13. Ponge. Ponge flirted with embodying the phenomenological project in poetry. He
had wildly varying degrees of success in this project. In following the precept
"Zu den Sachen" ("to the things") he moved poetry in a surprisingly forward
direction by seeming to step backwards. (1)

14. Kitasono Katue. This Japanese master created some vizlature that was concrete
sculpture, three dimensional poems, such as paper sculptures in the shapes of
suspended crescent moons with poems on them, to cite one example. I don't know
enough about the larger movement of which he was part to competently cite other
creators on this cusp with him. Any suggestions about this Japanese school? And I
will not name an Oulipan, although I feel remiss in not including someone from
that school on this list. Suggestions? (1)

15. William Carlos Williams. Who has not encountered a poem by the man which
redefined poetry for you in one reading? There are too many examples to cite, as
the man's gifts were forgetive. He invented much, often by reducing. Patterson is
impressive collage and prefigures L=A=N=G=U=A=G=E poetry more than other
celebrated disjunctive epics, I believe. (2)

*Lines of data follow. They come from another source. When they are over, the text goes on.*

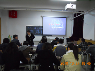 2010年10月27日晚,化学化工学院学生第三党支部全体党员在学院多媒体教室开展了“端正入党动机 做合格党员”主题活动。这是第三党支部创先争优系列活动之一。会议强调端正入党动机是争取入党的首要问题,每一个要求入党的同志,都应该充分认识到端正入党动机的重要性,进一步明确为什么入党,入党是为了什么,努力克服和纠正不正确的入党动机,不断提高思想认识,真正做到在行动上和思想上双双入党。
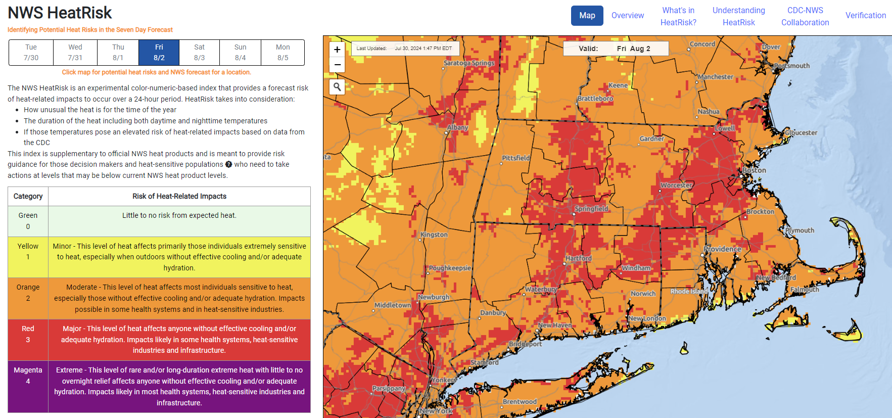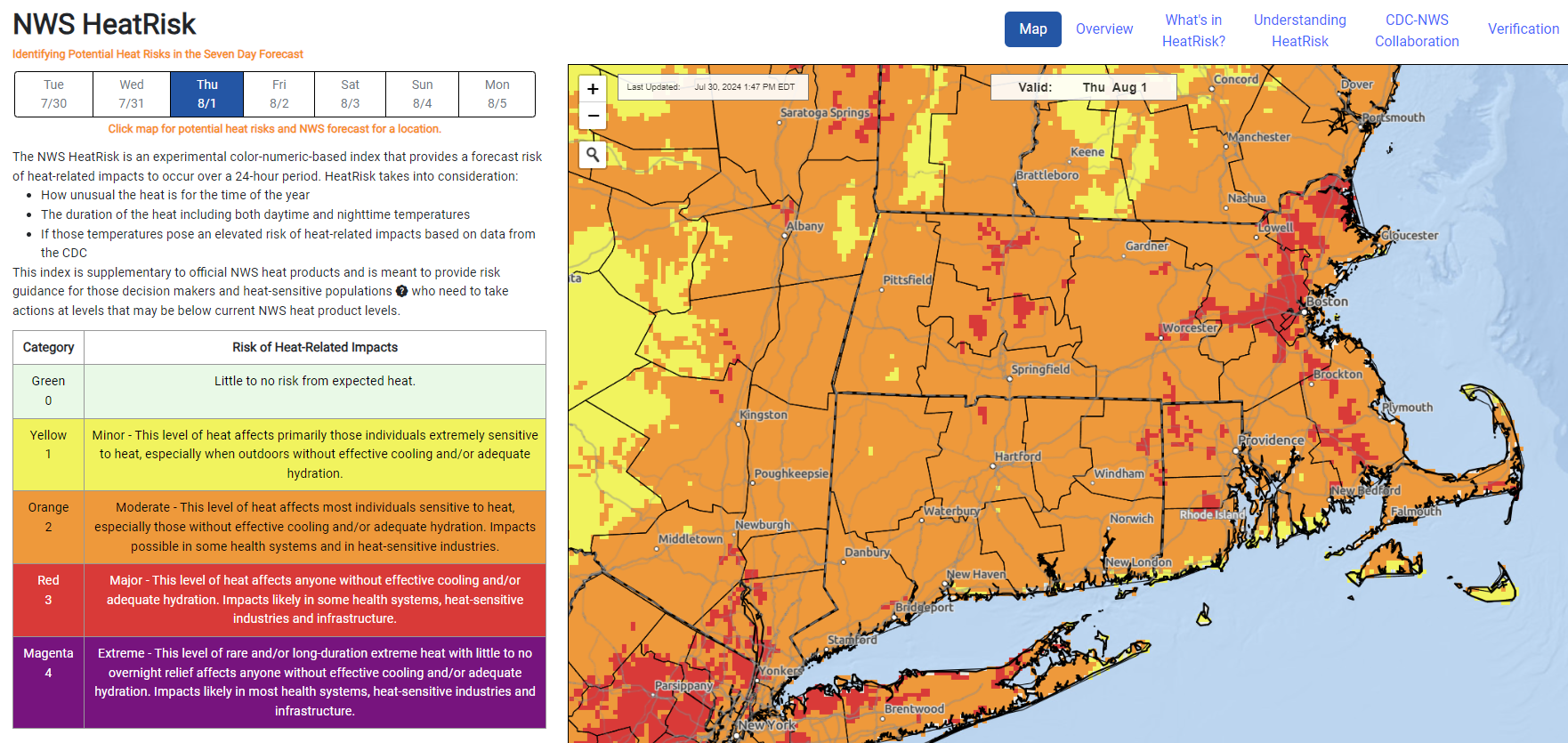 Good Afternoon Everyone, Attached is a one-page briefing and related images regarding the return of heat and humidity to southern New England Thursday and Friday. Later forecasts will probably include the issuance of Heat Advisories for at least parts of the area. The exception would most likely be the immediate South Coast, Cape Cod, and the Islands where onshore winds will keep it a little cooler (but it will still be warm and humid). You can also refer to the NWS Heat Risk page <https://www.wpc.ncep.noaa.gov/heatrisk/> for potential heat impacts. If you have any questions or would like more information, please don't hesitate to contact us. You can reach us via: email: box.operations@noaa.gov phone: 508.622.3280 Slack/NWSChat 2.0 <https://nwschatws.slack.com/> (for approved partners) social media: Website <http://www.weather.gov/boston> | Facebook <http://www.facebook.com/NWSBoston> | Twitter <http://www.twitter.com/NWSBoston> Thanks, Joe Dellicarpini and Torry Dooley
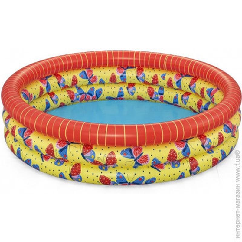 Басейн BW 51202 дитячий, метелик, 168-38 см. Діаметр 168 см Висота 38 см Інформація Діаметр 168 x висота 38см Вік дитини 2+ років Вага 2 кг Виробник Bestway Гарантія не передбачена Дно не надувне Колір червоний Країна-виробник Китай Матеріал високоякісний вініл Насос купується окремо Об'єм води 508 л Тип басейну класичний басейн Упаковка картонна коробка Форма круглий
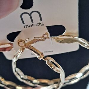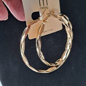 6 pair goldtone hoop earrings with lever back. Woven look, lightweight, 2". Brand New in pkg. Great for gifts or resale.
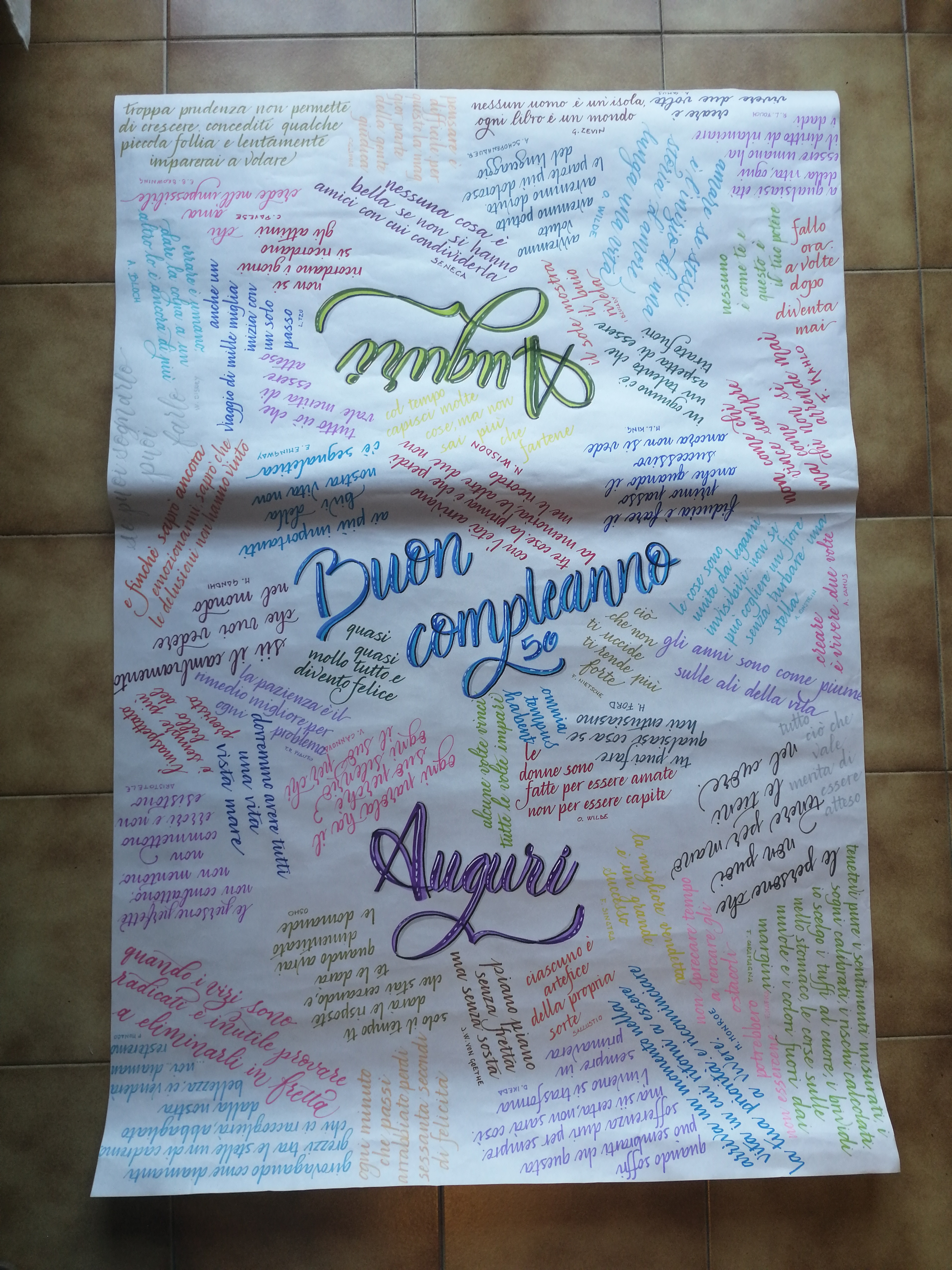 Bellissimo! Per i 18 anni di mia figlia feci una cosa simile ma assai meno artistica (solo scritte buffe). Lei però la carta l’ha strappata! :D Ti consiglio, a lavoro finito, di fargli delle foto da tenerti per ricordo. :thumbup: :mrgreen:
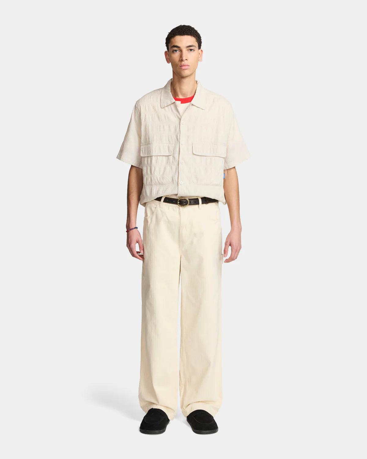 Unstructured boxy fit shirt with a flat collar.
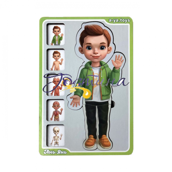 Дерев'яний 5 шаровий сортер-пазл (дерев'яний вкладка) "Анатомія людини – хлопчик" ПСФ026

16. Robert Creeley. He grows right out of W.C.W.'s breast (poems like "The Term"
by W.C.W. are "pure Creeley" long before Creeley). But Creeley takes the poetics
embodied in several early W.C.W. poems and elaborates it into an entire body of
work. There are many different Creeleys in his body of work. His statesmanship and
constant gift for friendship and patronage with regard to other poets is seemingly
what shaped his protean soul. He wanted poetry to serve multiple functions
clearly, from the spiritual to the political (are they really different?). And he
wasn't afraid of writing utilitarian poems. Creeley turns the focus onto the
Wittgensteinian scotomas and misassumptions about what language is, or can do, and
moves it very strongly in the direction of the labworks to follow in the
L=A=N=G=U=A=G=E school. (2)

17. Mei-mei Berssenbrugge. The phenomenological project resumes in language with


this fascinating poet. Nature is the only philosopher and bracketing and reduction
are recurrent modi operandi in this poet's work. Sui generis and yet very
influential among contemporary poets. (2)

18. Rae Armantrout. 21st century poetics. A strange confluence of Creeley and
Niedecker, seemingly. I wanted to include at least one L=A=N=G=U=A=G=E poet, since
it was the most influential avant-garde in the past twenty years, and this one
seems to be clearly stepping off from the pack at this point in terms of universal
appreciation. I would argue Lyn Hejinian would be an equally good example as a
poet with a very impressive body of work that has had a cosmopolitan influence,
but I see Armantrout's influence more in contemporary poetry. (1) (1)

Should I have included Zufkofsky, Olson, Oppen, Niedecker? Why did I slight the
Objectivists in general? Certainly they are more innovators than say Eliot or
Pound, who both looked backwards as much as they looked forward, if not more so.

I guess who ever mastered the disjunctive, recontextualizing line first should be
on here. Apollinaire? A Russian Futurist? And where does Marinetti belong? On this
list?

Okay, I admit it. This was like a game show. All that was missing were the
blinking lights going around in a big rectangle. And all I needed was Gene
Raeburn's long skinny microphone and a velveteen emcee suit with REALLY big
lapels, but it was fun for a half hour or so. And I did want to see who I really
thought were the big movers in my own mind, as I hadn't really formulated it as a
list. Yeah, I know lists suck, lists were what they used to make concentration
camps, gulags, yadda yadda. I repeat....Sue me.

Refer all litigation to my attorneys "Fuchyou, Fuchyou & Igivashitz."